I wanted to write this post because the most common question I get when I issue a pull request for an optimization is, "How the hell did you find that?!" My answer 90% of the time is, "I read the logs."
I think reading logs is a lost art these days. We have so many awesome monitoring tools that allow us to keep tabs on our applications that it's easy to forget about a simple resource like logs. Monitoring tools are great for getting a big picture look at your application. However, when it comes to the nitty gritty about how your code is interacting with your datastores and third party services, nothing beats reading the logs.
The next time you are looking to make some code optimizations consider doing this. Go into your development or staging environment and set your logging to debug EVERYWHERE!
Set it for your framework.
pry(main)> Rails.logger.level = 0
Set it for your gems.
pry(main)> Search.connection.transport.logger = Logger.new(STDOUT)
Set it for every one of your related services.
$ redis-cli monitor > commands-redis-2018-10-01.txt
Once your logging configurations are set, let loose on your application.
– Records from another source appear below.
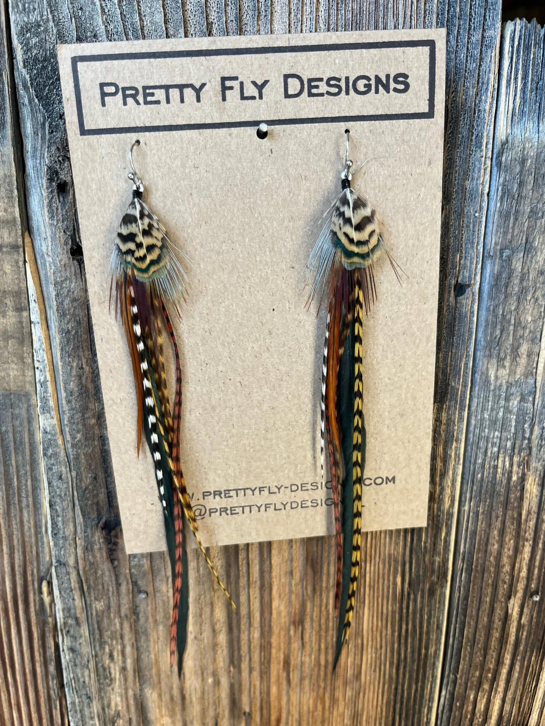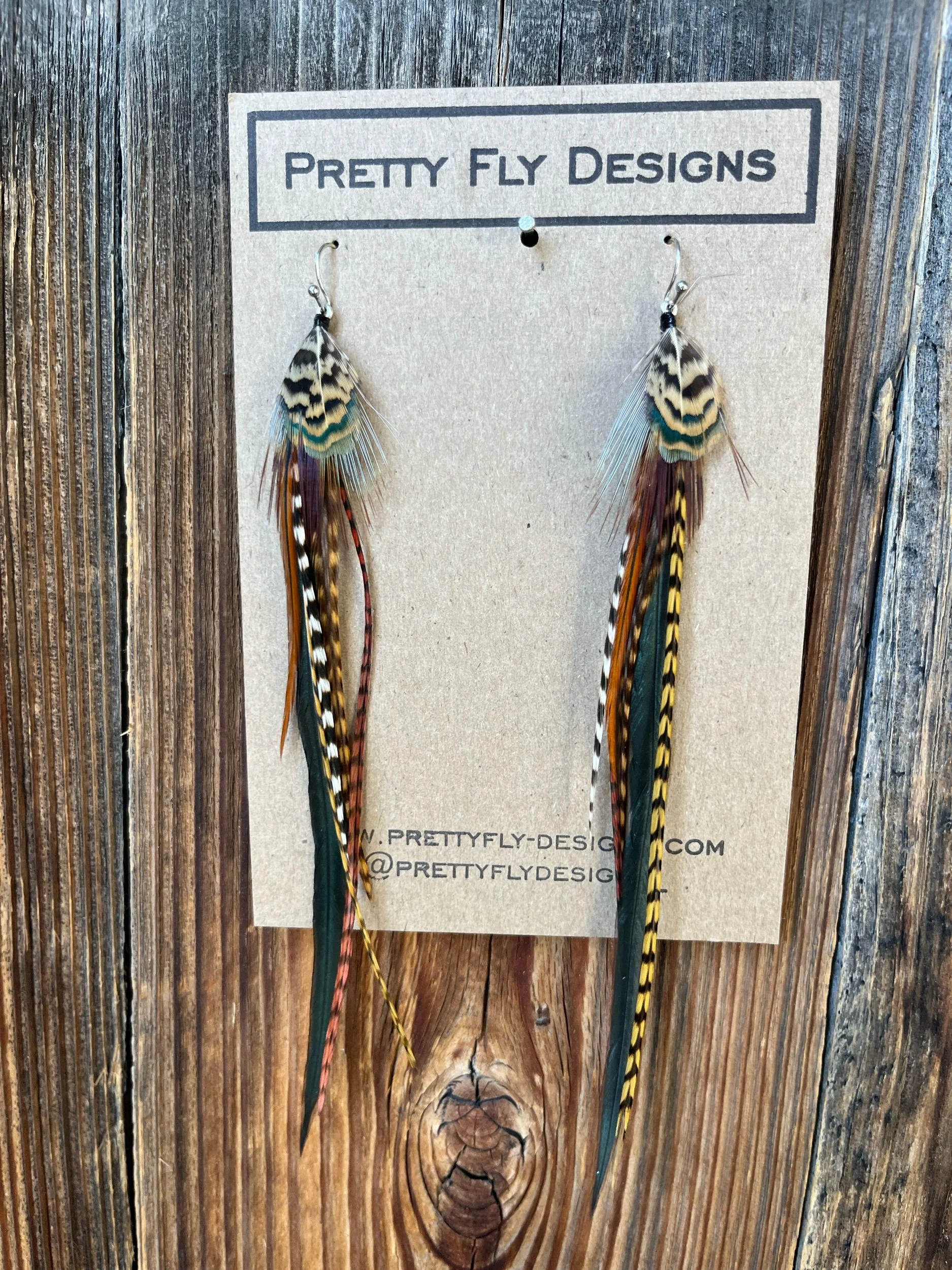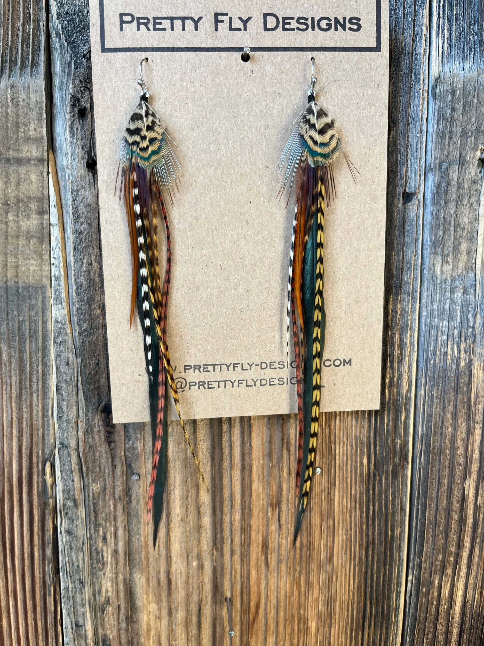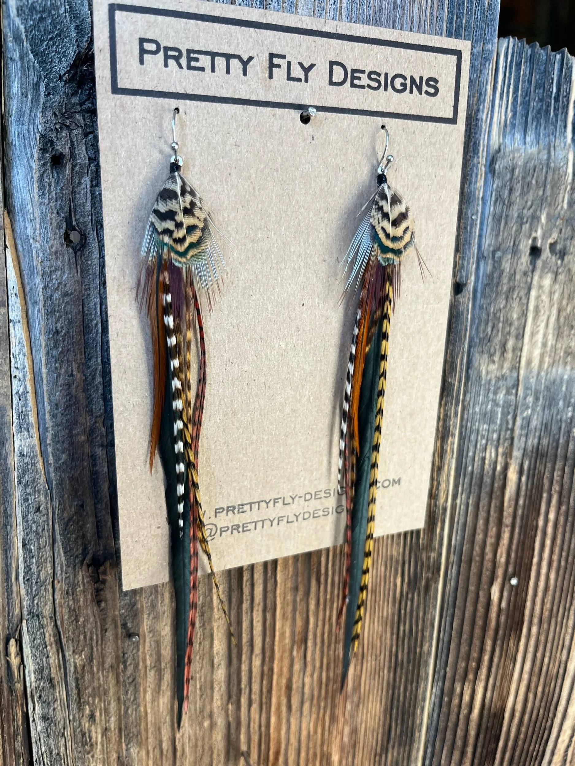 Six and a half inch long blend with a natural green sheen base feather and dyed skinny feathers. Tied with Rooster and Ringneck Pheasant.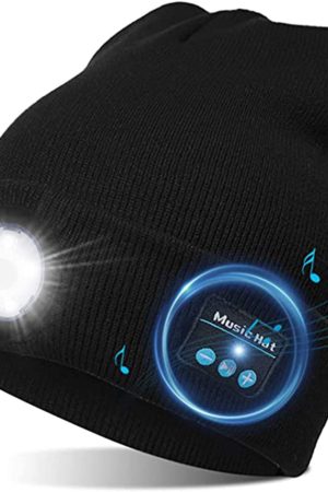 Bluetooth Beanie, LED Beanie Hat with Light, Gifts for Men&Women Headlamp Headphone Beanie USB Rechargeable Lighted Cap with Stereo Speakers & MIC Unique Tech Gifts for Men Dads Women Boys and Girls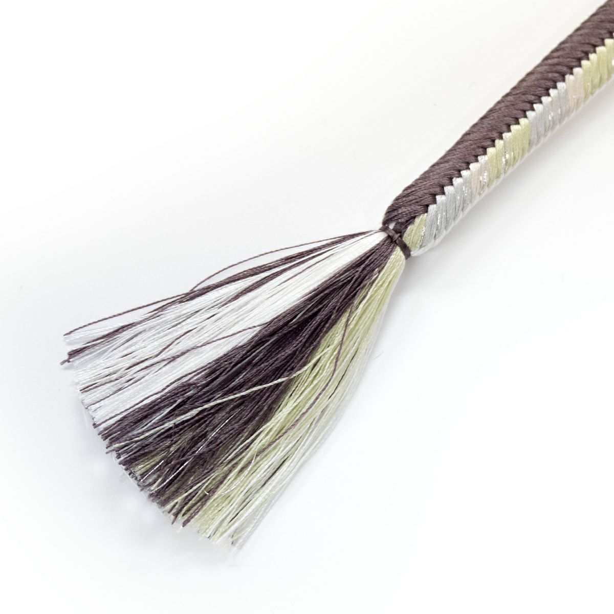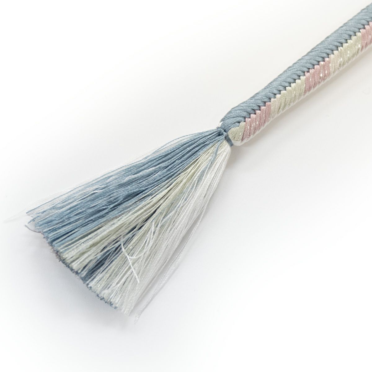 銀糸はごく控えめに使い、絹の艶で光沢感を表現した上品な帯締めです。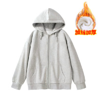 浅灰色连帽拉链卫衣女秋冬加绒加厚新款宽松外套长袖上衣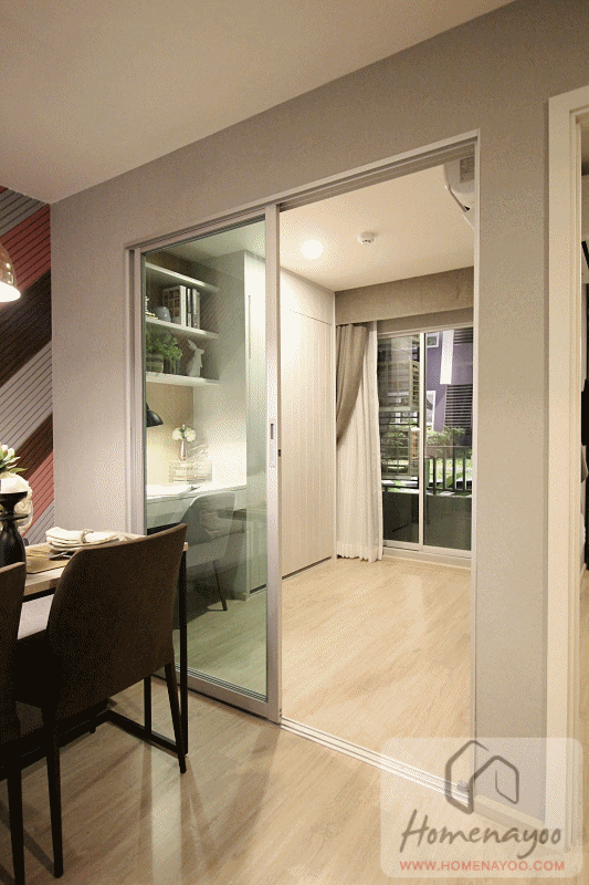 ถัดมาเป็นส่วนห้องอเนกประสงค์ มีฉากกั้นห้องเป็นกระจกใสกรอบอลูมิเนียมสีธรรมชาติแบบ 2 บาน กั้นมาให้เป็นสัดส่วน สามารถเปิดออกไประเบียงได้ และใช้เป็นห้องนอนเล็กอีกห้องได้แบบกำลังเหมาะค่ะ ใครเสื้อผ้าเยอะใช้เป็นห้องแต่งตัว หรือห้องทำงาน หรือห้องเล่นโยคะก็ได้ เป็นห้องที่ใช้ปรับตามไลฟ์สไตล์ของผู้ใช้งานได้ดี
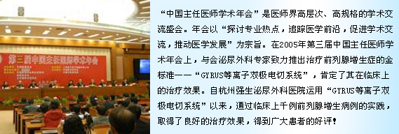很多人认为出现良性前列腺增生症的症状是一种生理老化的现象,而不是疾病。据调查,只有约1/3的病人会去求诊,而其中通过正规渠道得到治疗的病人更是屈指可数。许多中老年男性往往到了疾病晚期,甚至出现急性尿潴留时才去医院求诊,错过了合理治疗的良机,不得不通过手术进行治疗。 像前面王老板这种情况也比较特殊,当时还没有这么优良的治疗技术,传统治疗他有一定的担忧。王老板接受GYRUS等离子双极电切系统的手术治疗,经过几天的康复,现在已经有效恢复了正常,排尿正常了,性生活也更爽心。王老板与"小娘子"更加恩爱,"性福"生活也更加美满了。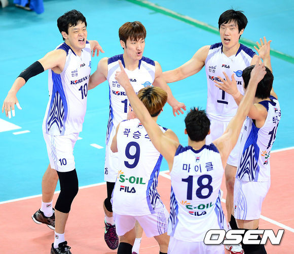 2세트 득점에 성공한 대한항공 선수들이 환호하고 있다.

Load webpages, run background workers, even jump into a console and run some commands by hand. When you are done, look at the logs that are produced. Those logs are going to tell you A LOT about how your code is interacting with all of your datastores and third party services. I would bet that some of it, is not interacting how you would expect. I cannot stress enough how valuable something as simple as reading logs can be when it comes to making optimizations in an application.
Finding a piece of code to optimize sometimes is as simple as reading the logs. Other times, it can be a little more involved. Here is one example of how my team used logs to find and fix a piece of code.
The first indication that there was a problem was a Redis High Traffic Alert we got from our monitoring service.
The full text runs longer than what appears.